U.S. Army Chief of Staff Gen. Mark Milley (C) arrives for an event commemorating the 35th anniversary of attack on the Beirut Barracks in the East Room of the White House Oct. 25, 2018 in Washington, D.C. (Chip Somodevilla/Sipa USA/TNS)

The Senate on Thursday voted 89-1 to confirm Army Gen. Mark Milley to be the next chairman of the Joint Chiefs of Staff, just hours after the Armed Services Committee decided to move forward with Air Force Gen. John Hyten’s nomination to be the military’s No. 2 officer despite lingering questions about allegations of sexual assault.

The progress on the Joint Chiefs nominees comes as senators try to firm up leadership at the Pentagon, which has been in a state of transition for months.

Also Thursday, Armed Services members favorably reported to the floor David Norquist’s nomination to be deputy defense secretary, just two days after the Senate confirmed Mark Esper as defense secretary.

Chairman James M. Inhofe of Oklahoma emerged from a three-hour closed-door meeting with Hyten on Thursday and said the panel would soon announce a date for Hyten’s confirmation hearing.

“Gen. Hyten thanks chairman Inhofe and the committee members for this opportunity to tell his side of the story,” Cmdr. Bill Clinton, Hyten’s spokesman at U.S. Strategic Command, said as the meeting was nearing a conclusion.

Hyten did not answer questions from reporters when he left the meeting.

Armed Services members met separately Tuesday with Hyten’s accuser, who alleges Hyten kissed and touched her on nine occasions between February 2017 and February 2018, and maintains that the four-star general tried to harm her career after she rebuffed his advances.

A Pentagon probe of the allegations cleared Hyten of wrongdoing, but some Democrats on Armed Services weren’t satisfied with the Defense Department’s process and requested additional information from Hyten.

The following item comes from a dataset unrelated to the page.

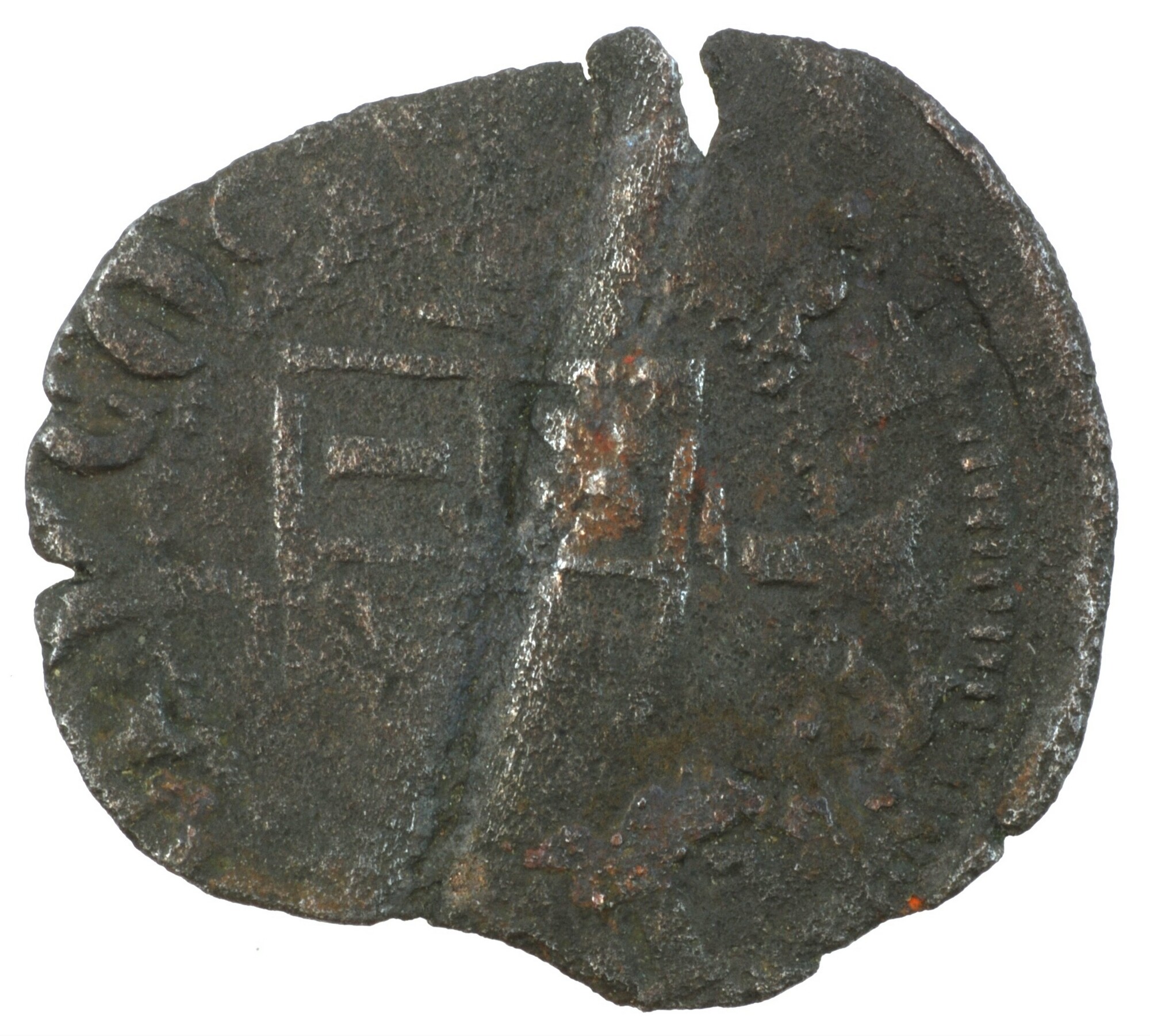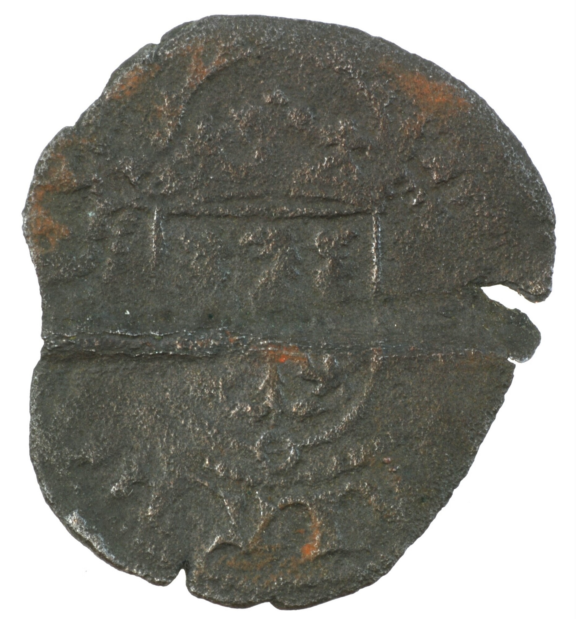 Hollandse penning; Holland Graafschap (1049-1581); Philips de Schone (1482-1506); vz.: gekroond wapenschild met naar links kijkende adelaar, met omschrift [MAXI]MIAoROoREX; kz.: Oostenrijks-Bourgondisch wapenschild op een lang gevorkt kruis binnen parelcirkel, met omschrift [P]HI / AED / [AV]T / COoH[(O)]; muntplaats: Dordrecht; gewicht: 0.42 gram; zeer zeldzaam; referentie: Gelder / Hoc 90-6 var (MAXIMIA in plaats ...

Emerging from the closed briefing, Sen. Tammy Duckworth, D-Ill., said she still had questions about how the case was handled.

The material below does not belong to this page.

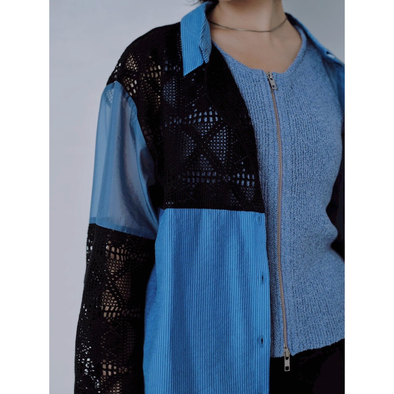 レース生地、無地のシアー生地、ストライプ生地を組み合わせたシャツ。

“Gen. Hyten is answering questions, and I thank him for doing that,” said Duckworth, adding she found both Hyten and the accuser, who is her constituent, believable. “There are still a lot of unanswered questions that maybe neither he nor the accuser can answer, but that has to do with how DOD treated this case.”

Duckworth said she needs to get answers from the Defense Department on why they treated Hyten’s case differently from other officers, but did not elaborate on how his case was handled.

That inquiry, led by Air Force Gen. James Holmes, head of Air Combat Command, found insufficient evidence to substantiate the allegations.

The Armed Services Committee advanced Milley’s nomination last week at the same time it endorsed Esper’s nomination. The full Senate confirmed Esper, who had been serving as Army secretary, on a 90-8 vote.

The swift actions taken on Milley and Esper reflect senators’ desire to move quickly to fill numerous vacancies in top roles at the Pentagon. Norquist, who sailed through his confirmation hearing Wednesday, could be confirmed before the August recess.

During Norquist’s hearing, Inhofe noted that there are 18 vacancies in civilian leadership requiring Senate confirmation, and urged Norquist to work with Esper and the White House to fill those positions as quickly as possible.

“I’m concerned the Defense Department is adrift in a way I’ve not seen in my time on Capitol Hill,” said Rhode Island Sen. Jack Reed, the panel’s top Democrat, during Esper’s confirmation hearing earlier this month.

With the Senate expected to move quickly on Norquist’s nomination, it is now possible that the Defense Department soon will have a confirmed secretary and deputy secretary for the first time since January. Esper’s predecessor, James Mattis, resigned in protest in December, causing a domino effect of vacancies as multiple officials moved to the position above in an acting capacity.

Since 2017, Esper and Milley have worked closely together as the Army’s top civilian and uniformed leaders, respectively, earning widespread praise on the Hill for exercising fiscal responsibility and their willingness to cut programs. They will now continue that relationship at a higher level, as defense secretary and chairman of the joint chiefs.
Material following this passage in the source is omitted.